Well, I failed at my one attempt with a puppy  We got kicked out of training as a matter of fact because my pup would. Not. Stop. Barking! Anyway, we rehomed her to a co-worker and then adopted an adult poodle. 

While I don't have any advice, I will say good luck and I'll be interested in the suggestions you receive since I do hope to try puppy- training again one day (when my kids are a little older.)


----------



## fjm

If you have a puppy - or a dog of any age - you have a responsibility to ensure they are properly socialised, trained and exercised. If for health or other reasons you are unable to do it yourself, you need to arrange for someone else to do it for you on a daily, continuing basis. And I do sympathise - I was diagnosed with breast cancer a few days after bringing my first pup home, and was going through chemo during her formative months... You don't say whether your lack of energy is due to illness, work or disinclination, but you have taken on the responsibility of a living, thinking, feeling creature, and have a duty to ensure her needs are met.

Firstly, she needs plenty of exercise - walks, off leash runs, brain games for several hours a day. If you are unable to walk her yourself then hire a dog walker; brain games don't need to take much of your energy - look at the Ottosson games for ideas, or there are lots of other examples on the internet.

Secondly she needs training - the easiest way to stop the behaviour you describe is to teach her a different, non-compatible behaviour - No is meaningless to dogs, they do whet works in terms of getting them what they want. Your attention - you are saying No and playing the fun game of pushing her away - is rewarding. Jumping up and mouthing means you turn your back and silently ignore her. All four feet on the ground means a love fest and chicken. If your timing is reasonably good and she is anything like Poppy, three repeats and she will be getting the idea! Teach her to go to her mat or crate when people come to the door, and release her to greet them politely - four feet on the floor. Train her while sitting in your chair watching TV, while preparing a meal, while having a drink in the yard - it is something that goes on all day every day. Every interaction with your dog is teaching her something - it is up to you what that something is.

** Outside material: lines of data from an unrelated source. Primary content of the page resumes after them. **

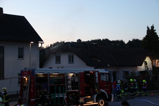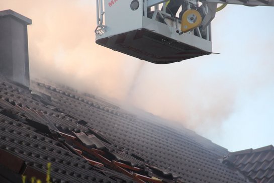 Mittels Drehleiter wurde ein erster Außenangriff vorgenommen, wobei noch nicht ausgemacht werden konnte, wo genau sich das Feuer im Dachstuhl befand. Zu diesem Zeitpunkt trat nur wenig Rauch aus dem Dach hervor. Was aber feststand, war, dass es kleinere Explosionen gegeben haben dürfte, denn manche Dachziegel waren "angehoben" bzw. wießen Sprünge auf, so Einsatzleiter Martin Wakolbinger.
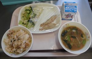 今日の給食では、キムタクご飯が出ました。キムタクご飯とは、文字通り「キムチ」と「たくあん」が入った混ぜご飯です。豚肉やこねぎも入っていておいしく食べることができました。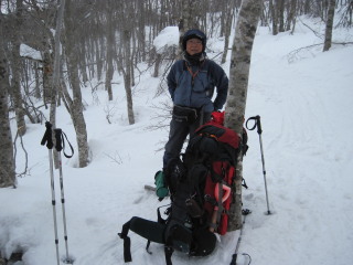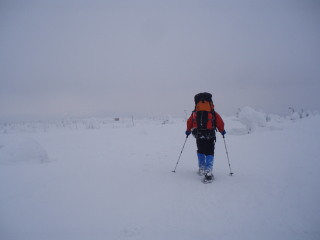 | ザックを担いで歩きはじめる頃には今まで歩いた方向が既に真っ白。気温はマイナス3度。 私達が休憩中に見かけた前山に登っていたスノーシュー?のお二人は大丈夫だろうかと自分たちを棚に上げ心配してしまいました。 |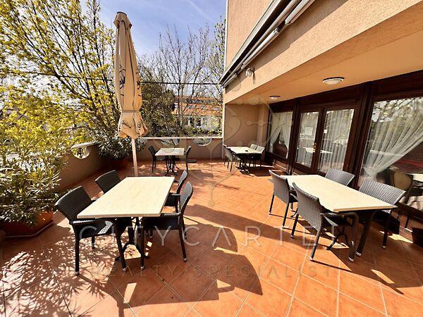 Budaörs közkedvelt, központi, jól megközelíthető részén kínálunk eladásra egy rendkívül barátságos, kellemes, jó állapotú, részben bútorozott, nagy teraszos, kertes, 14 kétágyas, légkondicionált, zuhanyzós-fűrdőszobás szobával rendelkező hotelt. A szobákban TV, telefon és minibár is biztosítja a vendégek maximális kényelmét.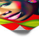Esta bella y audaz impresión de una mujer afroamericana es una impresionante vista para contemplar. Con una exuberante gama de colores vibrantes que casi saltan y saltan hacia ti, el diseño gráfico retrata a una mujer afroamericana que lleva una preciosa mezcla de flores rosas y verdes en su cabello, con un brillante fondo rojo. Su brillante delineador de ojos verde azul, acentúa aún más su belleza y atrae al espectador. Un tributo al arte y cultura afroamericanos en toda su gloria vibrante, este diseño gráfico seguramente será la pieza central de cualquier colección de arte.
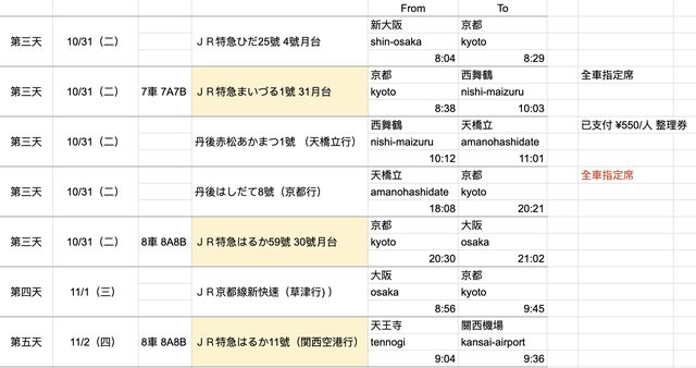 目前排好預計搭乘的列車,會搭配使用關西廣域周遊券(在JR西日本官網購買)。因為第一次自己出國,所以想說盡量在出國前將能安排好的都安排好。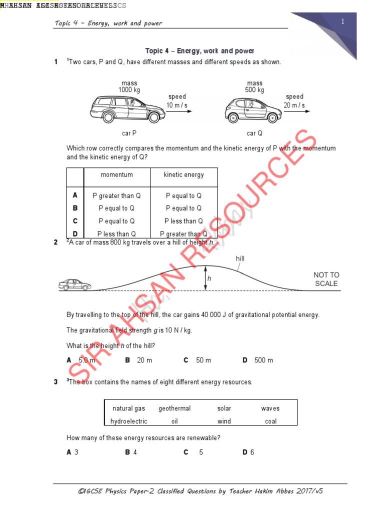 Topic 4 – Energy, work and power 1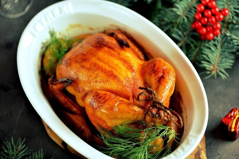 Подготовить и замариновать курицу легко, а вот запечь ее красивой и румяной — это дело техники и небольших секретов, которые я вам сегодня расскажу. Готовьте непременно, такое блюдо украсит любой праздничный стол, необязательно новогодний или рождественский. Ингредиенты на 4 персоны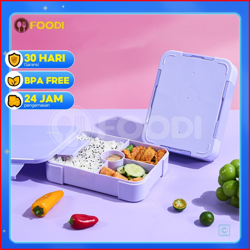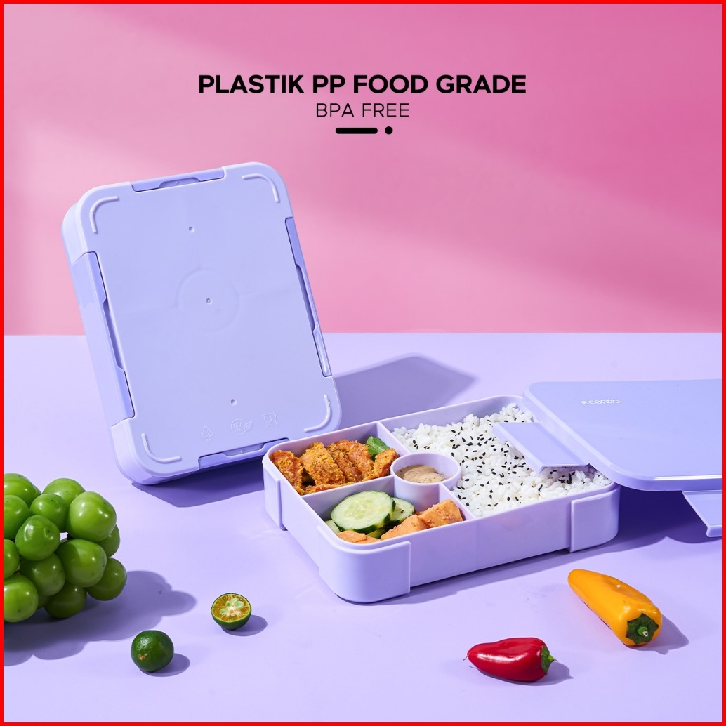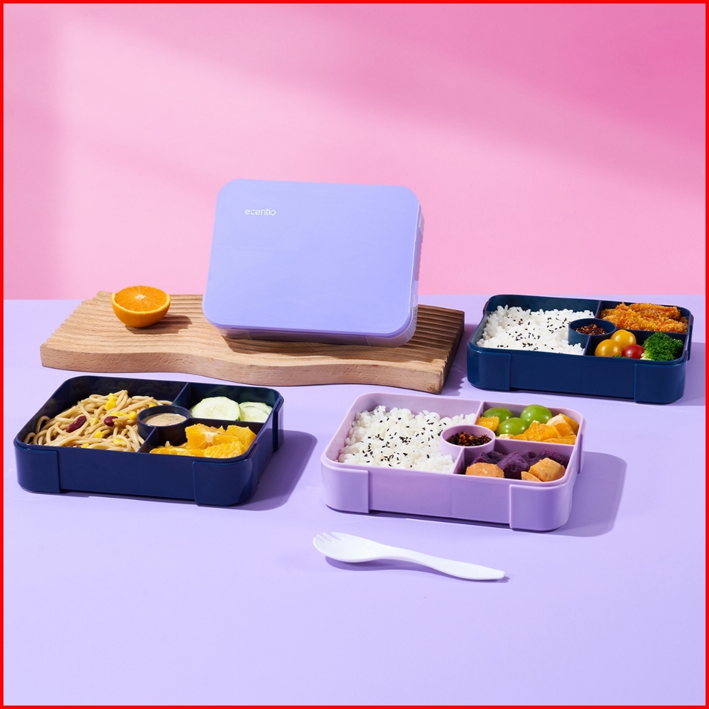 Ecentio Kotak Makan Plastik Lunch Box 3 Kompartemen Perlindungan Anti Bocor Desain Isolasi Tertutup Warna Ungu-biru 950m

ETA - asking her to bring you a toy is a good way of giving her an outlet for the overflowing excitement and preventing nibbling at the same time - just make sure she greets visitors with a toy and not something less desirable. My sister's spoo specialised in knickers from the laundry basket...


----------



## lily cd re

Hi Zindra,

She is teething which is part of the current problem. Make sure she has and has incentive to use heavy duty chew toys. Stuff a rubber chew toy with stuff she really likes along with part of her daily regular food. You can also try ignoring her when she jumps and nips. Keep your hands close to your body and turn your back. Be quiet and still when you do this. I had similar problems when my dog was in this age range. It will get better but you have to be smarter than her and patient about working through it. 

On the leash I would just change directions. When she pulls one way, give a pop on the leash and do a 180. Turning around will take away her momentum and redirect her attention. I am sure my neighbors thought I was crazy. At first I didn't go much further than 20 feet before I would turn around. We took lots of steps but never got very far from home. Now I have a beautiful heeler who for walks around home only has a leash so I can protect her from traffic and surprises.


----------



## Quossum

She sounds like a wonderful, energetic dog who would be a dream to train! I wish my Sugarfoot was so outgoing with strangers!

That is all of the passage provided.